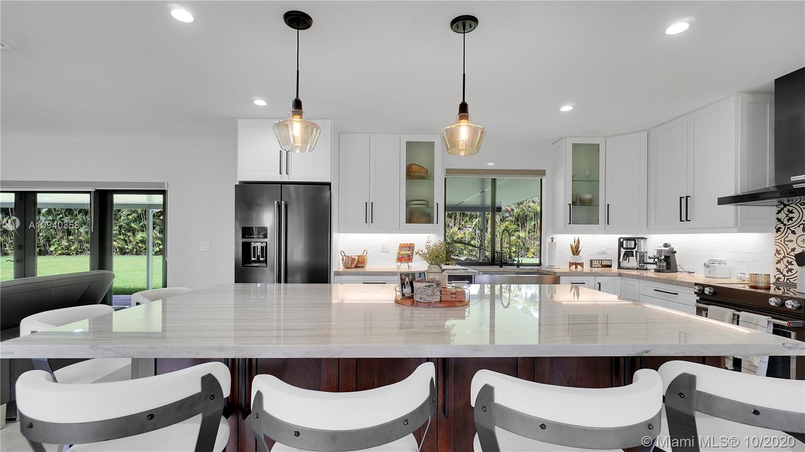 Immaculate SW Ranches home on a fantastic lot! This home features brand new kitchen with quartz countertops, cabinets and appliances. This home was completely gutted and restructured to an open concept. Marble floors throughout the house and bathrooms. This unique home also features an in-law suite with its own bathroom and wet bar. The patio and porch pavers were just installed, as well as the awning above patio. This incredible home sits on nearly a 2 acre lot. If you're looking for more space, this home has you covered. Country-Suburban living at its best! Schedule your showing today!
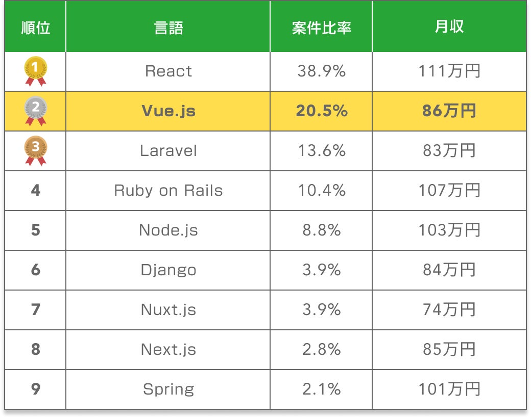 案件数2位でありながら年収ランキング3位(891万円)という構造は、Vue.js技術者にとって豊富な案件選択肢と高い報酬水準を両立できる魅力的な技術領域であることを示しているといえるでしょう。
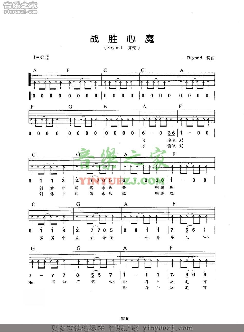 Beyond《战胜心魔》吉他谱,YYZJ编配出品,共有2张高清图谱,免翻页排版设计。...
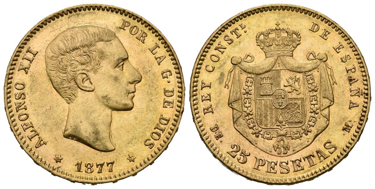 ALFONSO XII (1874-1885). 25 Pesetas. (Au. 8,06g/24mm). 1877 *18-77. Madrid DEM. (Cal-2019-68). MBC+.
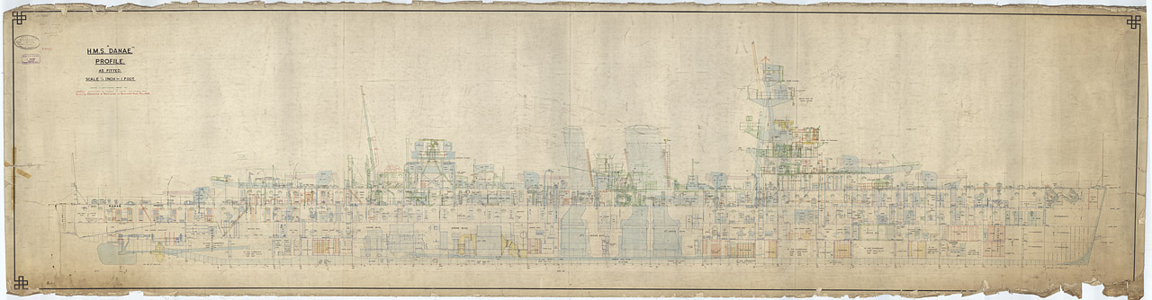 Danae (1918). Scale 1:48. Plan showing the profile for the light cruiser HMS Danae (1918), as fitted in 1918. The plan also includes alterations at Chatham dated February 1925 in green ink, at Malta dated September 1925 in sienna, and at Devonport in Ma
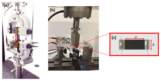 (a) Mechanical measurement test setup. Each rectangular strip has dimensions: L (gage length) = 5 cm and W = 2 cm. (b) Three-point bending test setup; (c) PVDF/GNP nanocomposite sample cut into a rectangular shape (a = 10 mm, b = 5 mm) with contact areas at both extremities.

+++

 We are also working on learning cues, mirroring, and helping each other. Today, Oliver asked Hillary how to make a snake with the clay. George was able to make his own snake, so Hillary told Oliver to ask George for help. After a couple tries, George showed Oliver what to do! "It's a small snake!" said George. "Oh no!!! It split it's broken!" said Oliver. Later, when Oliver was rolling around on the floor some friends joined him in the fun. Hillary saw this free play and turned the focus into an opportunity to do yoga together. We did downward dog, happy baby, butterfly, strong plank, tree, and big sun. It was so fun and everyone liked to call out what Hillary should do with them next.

+++

> _Task details_: Please return the data above exactly as it stands from the line with "案件数2位でありながら年収ラ" to the line with "ALFONSO XII (1874-1885).", keeping both of those lines but none of the pictures.

> _Answer below_:
 案件数2位でありながら年収ランキング3位(891万円)という構造は、Vue.js技術者にとって豊富な案件選択肢と高い報酬水準を両立できる魅力的な技術領域であることを示しているといえるでしょう。
 Beyond《战胜心魔》吉他谱,YYZJ编配出品,共有2张高清图谱,免翻页排版设计。...
 ALFONSO XII (1874-1885). 25 Pesetas. (Au. 8,06g/24mm). 1877 *18-77. Madrid DEM. (Cal-2019-68). MBC+.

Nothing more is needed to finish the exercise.